Member of the European Parliament
- In office 25 July 1989 – 19 July 1994
- Constituency: North–East Italy

Personal details
- Born: 12 February 1951 (age 75) Sinalunga, Italy
- Party: DC (1989–1994) PPI (1994–2002) DL (2002–2007) PD (2007–2018)
- Education: Pro Deo University
- Profession: Political scientist

= Rosy Bindi =

Italian politician (born 1951)

Maria Rosaria "Rosy" Bindi (/it/; born 12 February 1951) is an Italian politician and former president of the Antimafia Commission. She began her political career in Christian Democracy (DC), becoming a member of the European Parliament in 1989. After the dissolution of the DC, she joined the centre-left-leaning Italian People's Party (PPI) in 1994 and Democracy is Freedom – The Daisy (DL) in 2002.

Bindi served as Minister of Health and Minister for Family Policies in the centre-left coalition governments of Romano Prodi and Massimo D'Alema from 1996 to 2000 and 2006 to 2008. In 2007, she was among the founding members of the Democratic Party (PD), and was the party's president from 2009 to 2013. Elected a Chamber of Deputies in 1994, after a total of six legislatures, she did not run for re-election in 2018 and left the PD, ending her political career.

== Early life and education ==
Born in Sinalunga, in the province of Siena, Bindi graduated in political science. Prior to her graduation at LUISS, Bindi enrolled in sociology at the University of Trento, and later became a researcher in administrative law in the Faculty of Political Science at La Sapienza in Rome and then in the Faculty of Law at the University of Siena until 1989. A pupil and later assistant of the lawyer, magistrate, and DC politician Vittorio Bachelet, she was standing near Bachelet when he was assassinated by the Red Brigades in 1980. Bachelet's death contributed to Bindi's anti-mafia activism. In 2020, she said that Bachelet's assassination was the result of the powers that be opposed to the changes of those years.

== Career ==
=== Political career ===
From 1984 to 1989, Bindi held the position of vice-president of Azione Cattolica, the most popular Italian Catholic lay association, with which she continues to be active. In 1989, she joined the DC, the ruling party of the First Italian Republic. In the 1989 European Parliament election in Italy, she was elected a member of the European Parliament, a position she held until 1994. During her period at the European Parliament, she was president of the Petitions and Citizens' Rights Commission. During her career, she was a follower of Giuseppe Dossetti, whom she met in Monteveglio, and was close to Tina Anselmi. After the dissolution of the DC in 1994, Bindi joined the PPI, of which she became regional secretary in Veneto, and later became a leading figure in The Olive Tree, the broad left-to-centre coalition led by Romano Prodi; later in the 2000s, she was also a lead figure of the DL.

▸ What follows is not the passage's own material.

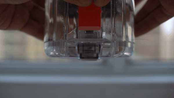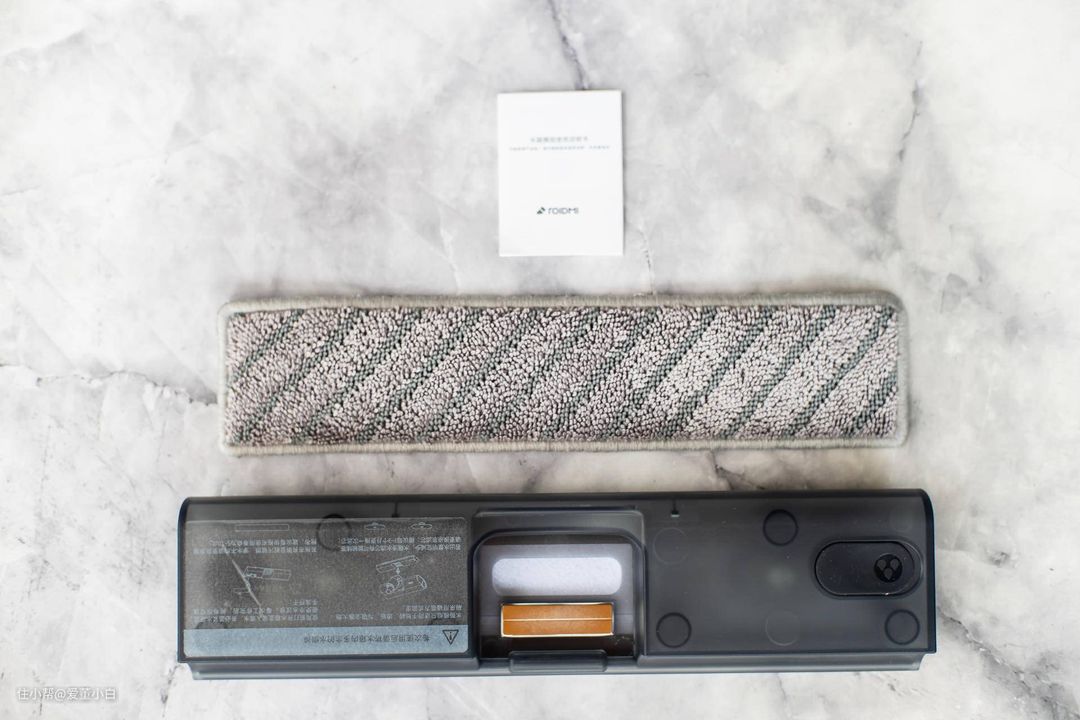 ▲▲水箱模组。与吸尘器的地刷通过磁吸方式固定,实现吸拖一体。模组是半透明的材质,方便观察剩余水份。右边位置为注水口,打开即可注水。

Following the coalition's victory in the 1996 Italian general election, Bindi was named Minister of Health, a position she held in the governments led by Massimo D'Alema. During her tenure at the Ministry of Health, through Bindi's circolare of 2 December 1996, (Note: For the circolare in question, see Bindi, Rosy (1996). "Circolare Bindi del 2 dicembre 1996") electroshock therapy (ECT) was re-introduced in Italy to treat psychiatrized patients. It was later corrected through Bindi's circolare of 15 February 1999, (Note: For the circolare in question, see Bindi, Rosy (1999). "Circolare Bindi del 15 febbraio 1999") which limited the use of ECT in particular cases but did not totally revoke it. In 1999, she also reformed Italy's national health service, closely following Anselmi's reform of 1979. In addition to the restrictions on ECT, other reforms included the definitive closure of psychiatric hospitals, the bills on the rights and duties of cohabitations, which brought criticism from Catholics because too radical and from LGBT people because too moderate, and on equality between natural and legitimate children. Under Bindi, the Ministry of Health contributed to the rewriting of Title V of the Constitution of Italy with the redefinition of the relationship between state and territory in the healthcare sector.

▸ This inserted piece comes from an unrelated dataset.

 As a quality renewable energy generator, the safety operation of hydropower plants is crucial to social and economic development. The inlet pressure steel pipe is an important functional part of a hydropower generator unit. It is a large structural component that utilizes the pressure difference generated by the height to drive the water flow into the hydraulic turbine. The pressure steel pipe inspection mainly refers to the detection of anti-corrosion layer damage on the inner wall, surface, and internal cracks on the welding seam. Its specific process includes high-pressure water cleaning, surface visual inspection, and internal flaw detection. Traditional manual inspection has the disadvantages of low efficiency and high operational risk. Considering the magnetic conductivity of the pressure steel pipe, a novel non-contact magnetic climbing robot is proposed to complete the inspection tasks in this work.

In the 2001 Italian general election, Bindi was elected for the third time to the Chamber of Deputies in the constituency of Cortona representing the DL. After the victory of The Union in the 2006 Italian general election, she became Minister for Family Policies, serving in that post until the results of the 2008 Italian general election returned the Silvio Berlusconi-led centre-right coalition back to power. As Minister for Family Policies, she was responsible for the establishment of the First National Conference on the Family. One of the founders and strongest supporters of the PD, the result of a merge between the DC's centre-left-leaning legal successor parties with those of the Italian Communist Party, Bindi competed for the 2007 PD leadership election, and was the distant runner-up; she received 12.93% of the vote cast. She continued to work for the party, leading the Democrats Really faction, until the 2018 Italian general election, when she did not seek re-election, and ended her political career.

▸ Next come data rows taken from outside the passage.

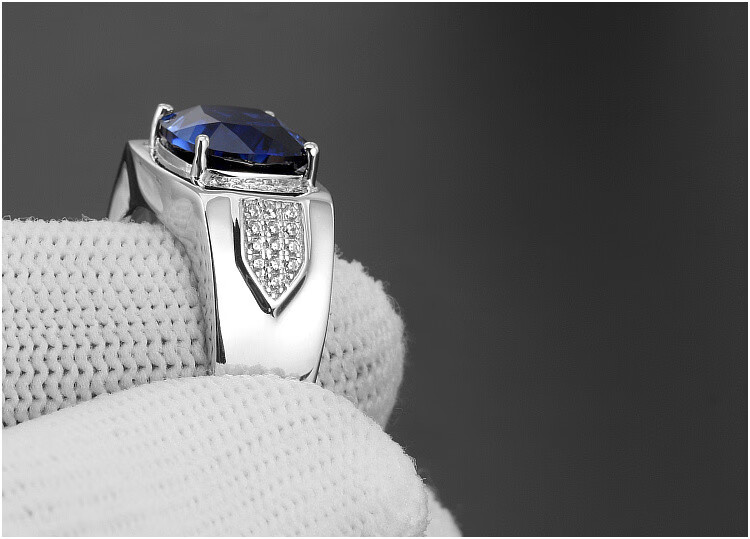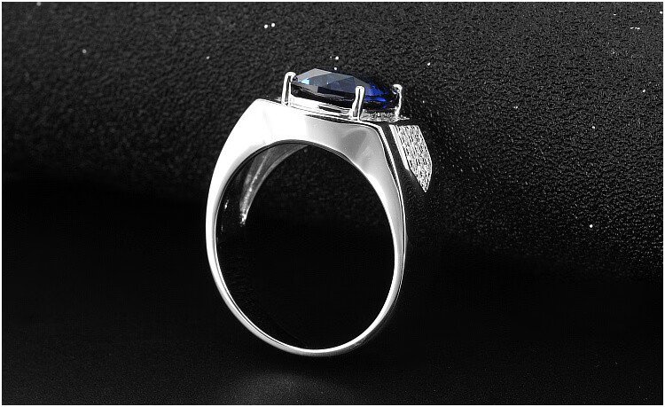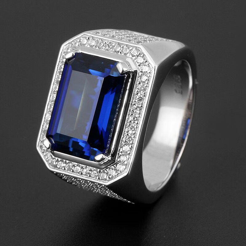 Pu Lian square tanzanite sapphire ring men's 925 sterling silver gold-plated inlaid colored gemstone ring trendy personality No. 14-54mm
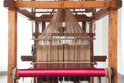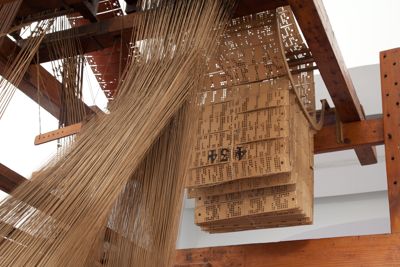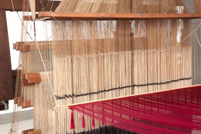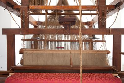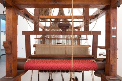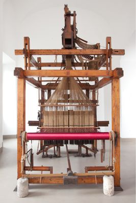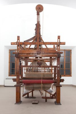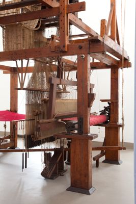 Telaio in legno a mano (Categoria ML, Matricola 2, Costruttore S.A. Schmid) con cassa battente a una navetta, una ratière, una macchina tipo "Jacquard" in legno con cilindro a quattro fasce con fori tipo "Vincenzi", 320 arpini (da 308-320), 16 licci. Completo di cartoni per tessuto operato.
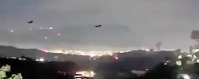 Aufnahmen des tatsächlichen Einsatzes zeigen, wie amerikanische Hubschrauber mitten in der Nacht in Caracas eintreffen, ähnlich wie im Szenario von Call of Duty .
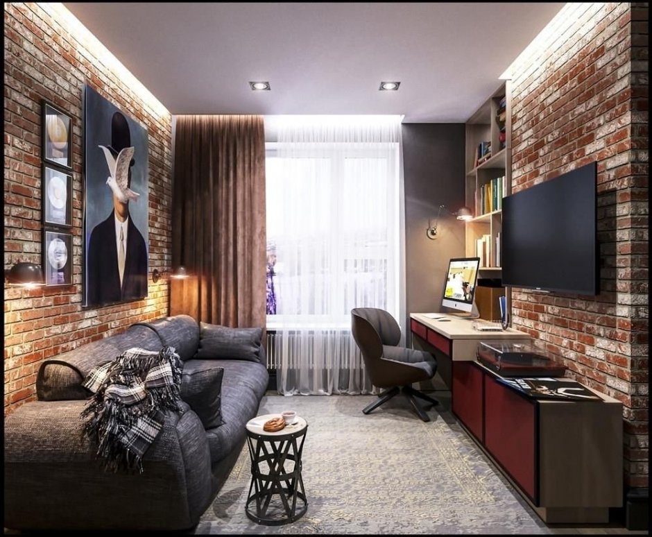 А вот делать «кирпичными» боковые стороны не рекомендуется. Это ещё более усилит неравномерную освещённость такого помещения, дальняя от окна сторона будет казаться ещё более тёмной. Если не хочется выкладывать клинкером всю стену, можно выложить область перемычки над окном, боковые поверхности в стороны от откосов, область под подоконником. Балочный тёмный потолок, кессонный потолок — тоже не совсем практичное решение. Он станет визуально скрадывать размер в ширину. Наоборот, высокий, светлый потолок, «махровый», выполненный фасадным валиком с грубой шубкой и матовой краской визуально увеличит высоту.
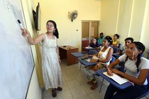 (250924) -- LA HABANA, 24 septiembre, 2025 (Xinhua) -- La profesora china, Zhai Shufang (i), imparte una clase de idioma chino a alumnos cubanos, en el Instituto Confucio de La Habana, en La Habana, capital de Cuba, el 24 de septiembre de 2025. Las becas anuales que concede la Universidad de Lenguas y Culturas de Beijing, conocida también como BLCU, constituyen una efectiva herramienta para reforzar el aprendizaje del idioma chino, coincidieron estudiantes y profesores del Instituto Confucio de La Habana. (Xinhua/Joaquín Hernández) (jh) (jg) (ra) (ce)

From 2008 to 2013, Bindi was the vice-president of the Chamber of Deputies. From 2009 to 2013, she was president of the PD. In the 2009 PD leadership election, Bindi supported eventual winner Pierluigi Bersani. She strongly criticized the 101 party deputies that did not vote for Prodi and thus sank his candidacy during the 2013 Italian presidential election. In the 2013 PD leadership election that ensued after Bersani resigned due to Prodi's failed candidacy, she did not endorse neither eventual winner Matteo Renzi nor Gianni Cuperlo, who succeeded her as the party's president; she said that she did not recognize herself in neither candidate. During the 2017 PD leadership election, Bindi voted for the runner-up Andrea Orlando. Later that same year, she said that the PD under Renzi had betrayed The Olive Tree and described it as Berlusconi's crutch. In 2018, Bindi called for the dissolution of the PD, a position she repeated in 2022. In an interview to La Repubblica on 12 February 2021, Bindi reiterated that she no longer recognized herself in the PD, and that is why she continues to not renew her PD membership card. In an interview to La Stampa that same day, she said: "I think it's time for women to run for party leadership." In the 2023 PD leadership election, Bindi did not endorse neither eventual winner Elly Schlein nor Stefano Bonaccini. Later that same year, she took part to a PD rally after many years. She clarified that she would not return to the party as a member.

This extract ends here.